= Directions =
A verbatim repeat of the lines below is required, with the pictures removed.

= Information supplied =
════════
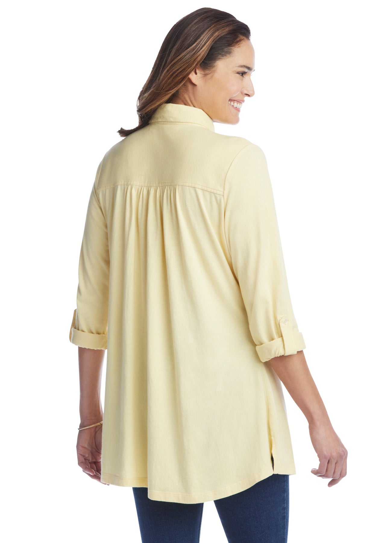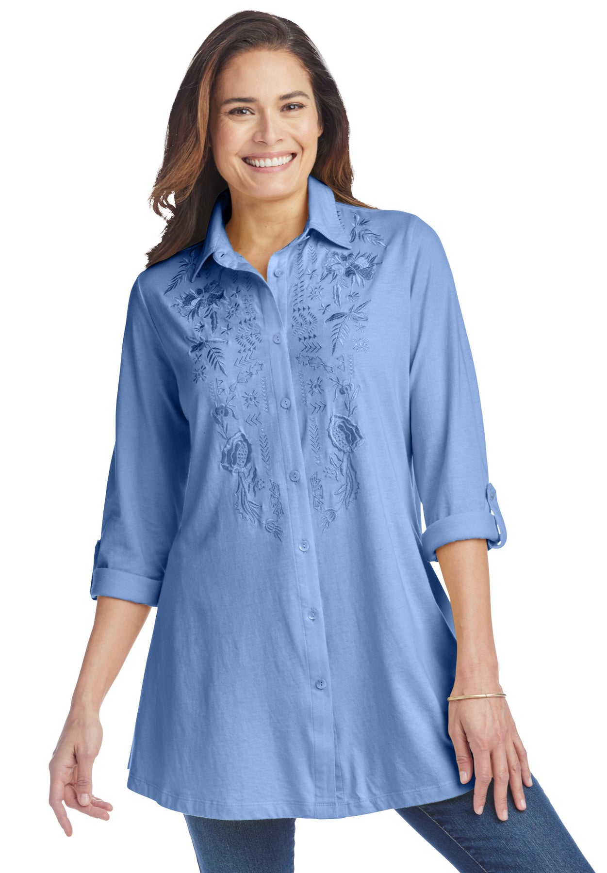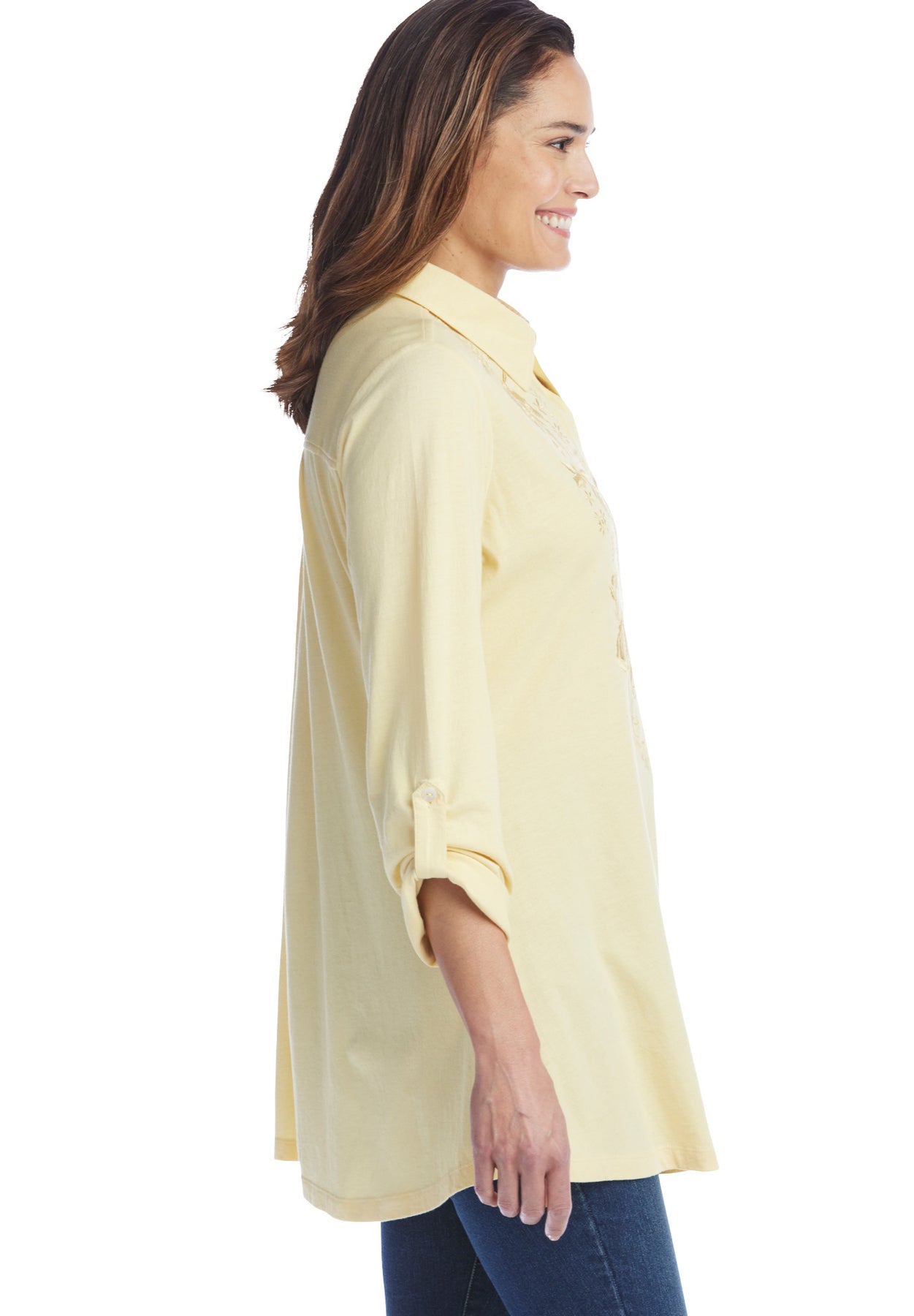 This tunic has all the right details. It has a classic shirt collar, dyed-to-match embroidery and roll tab sleeves. A full button front makes for easy wearing.
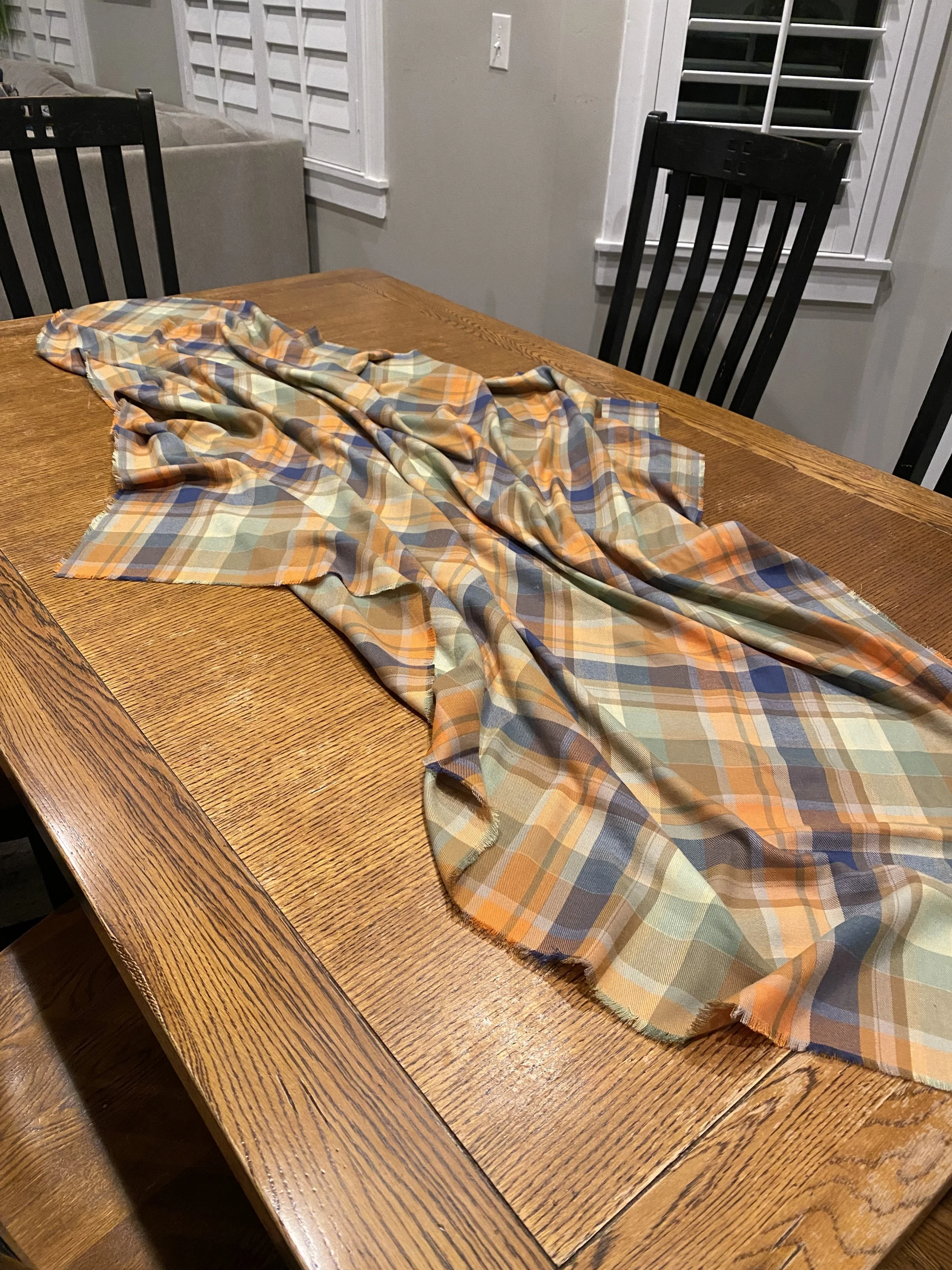 I went to Hob Lob and looked for flannel, it’s not super similar but I liked it. You could also go treasure hunting (thrifting) and look for throws or scarves for this vibe. Or just use a table cloth and cover the whole table, like normal people. I decided not to because I love my wood table! I love the worn parts of it. It’s where my family eats, countless homework hours and projects have been done on it. Someday I might refinish it, but I’m feeling too nostalgic for now, lol
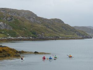 An attempt at surfing did not go well for me. I collided with John and ended up with a small puncture wound in my fibre-glass boat. This was somewhat embarrassing as I’d borrowed the boat from Sea Kayak Ulster. Joe was very relaxed about it, saying that the boat needed some repairs anyway and that it wasn’t an issue. The collision was entirely my fault but was a good learning point about boat control and situational awareness in the surf zone: if you can punch a hole in a fibre-glass boat, you can punch through a rib cage or a spine. I was lucky.
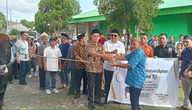 Penyerahan hewan kurban dilakukan langsung oleh Wali Kota Bitung, Hengky Honandar SE, didampingi Wakil Wali Kota Randito Maringka dan Sekretaris Daerah, Ir. IGN Rudy Theno ST MT, di Masjid Nurul Huda, Kelurahan Bitung Timur, Kecamatan Maesa, Kamis (5/6/2025).
════════
= Solution to this task =
 This tunic has all the right details. It has a classic shirt collar, dyed-to-match embroidery and roll tab sleeves. A full button front makes for easy wearing.
 I went to Hob Lob and looked for flannel, it’s not super similar but I liked it. You could also go treasure hunting (thrifting) and look for throws or scarves for this vibe. Or just use a table cloth and cover the whole table, like normal people. I decided not to because I love my wood table! I love the worn parts of it. It’s where my family eats, countless homework hours and projects have been done on it. Someday I might refinish it, but I’m feeling too nostalgic for now, lol
 An attempt at surfing did not go well for me. I collided with John and ended up with a small puncture wound in my fibre-glass boat. This was somewhat embarrassing as I’d borrowed the boat from Sea Kayak Ulster. Joe was very relaxed about it, saying that the boat needed some repairs anyway and that it wasn’t an issue. The collision was entirely my fault but was a good learning point about boat control and situational awareness in the surf zone: if you can punch a hole in a fibre-glass boat, you can punch through a rib cage or a spine. I was lucky.
 Penyerahan hewan kurban dilakukan langsung oleh Wali Kota Bitung, Hengky Honandar SE, didampingi Wakil Wali Kota Randito Maringka dan Sekretaris Daerah, Ir. IGN Rudy Theno ST MT, di Masjid Nurul Huda, Kelurahan Bitung Timur, Kecamatan Maesa, Kamis (5/6/2025).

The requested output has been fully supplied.